**Data excerpt**:
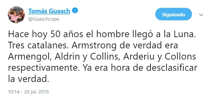 «Hace hoy 50 años el hombre llegó a la Luna. Tres catalanes. Armstrong de verdad era Armengol, Aldrin y Collins, Arderiu y Collons respectivamente. Ya era hora de desclasificar la verdad», afirmó Guasch, con buen humor.
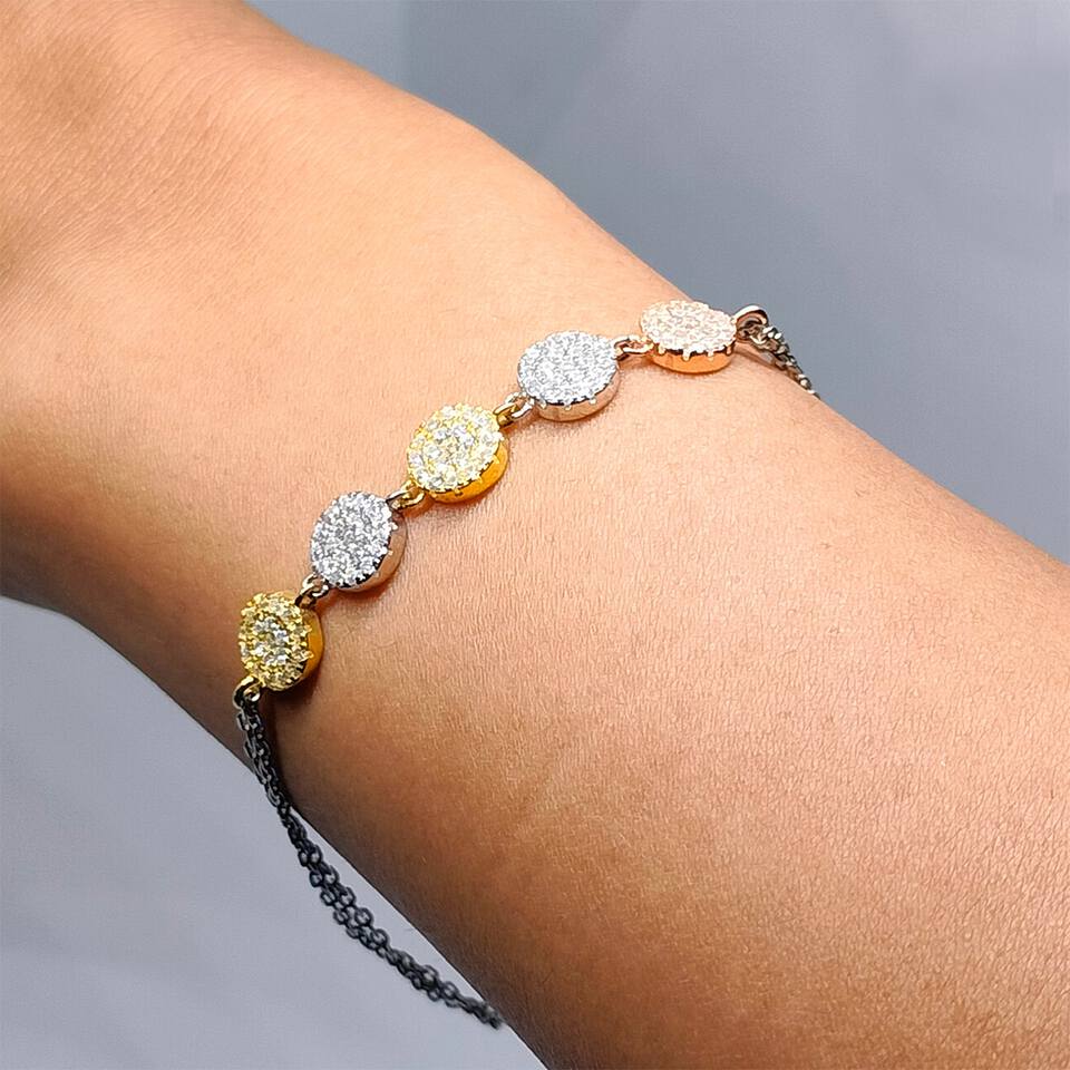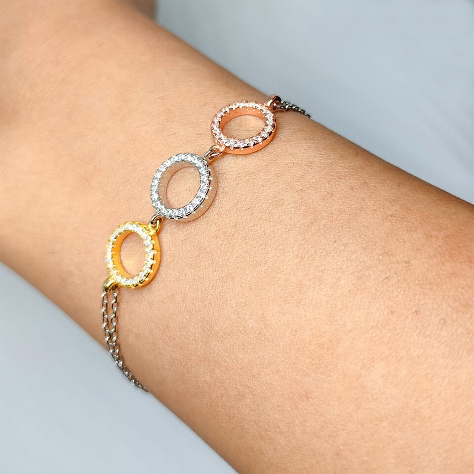 Dainty Bracelet in 925 Sterling Silver with Yellow and Rose...
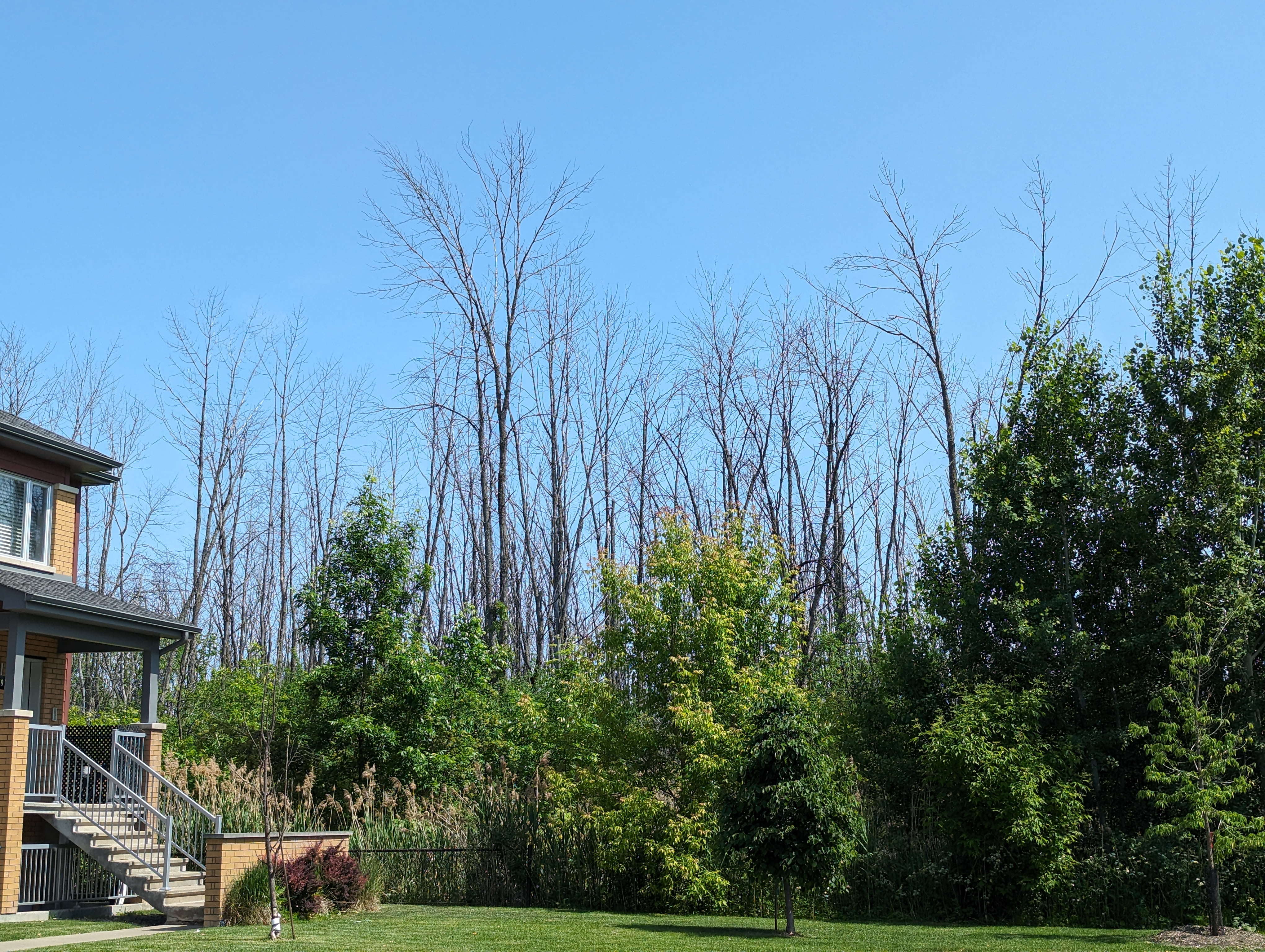 Ce sont tous des frênes morts par l’agrile. Ce genre de boisé est assez commun dans la région de Montréal. Ce sont d’anciennes friches agricoles, très souvent humides, qui ont été peuplés par les frênes qui adorent ce type de conditions.

**Work instruction**: Each line from the one containing "Dainty Bracelet in" through the last line above should be retyped exactly, and no other line. Any picture is to be left out.

**The answer**:
 Dainty Bracelet in 925 Sterling Silver with Yellow and Rose...
 Ce sont tous des frênes morts par l’agrile. Ce genre de boisé est assez commun dans la région de Montréal. Ce sont d’anciennes friches agricoles, très souvent humides, qui ont été peuplés par les frênes qui adorent ce type de conditions.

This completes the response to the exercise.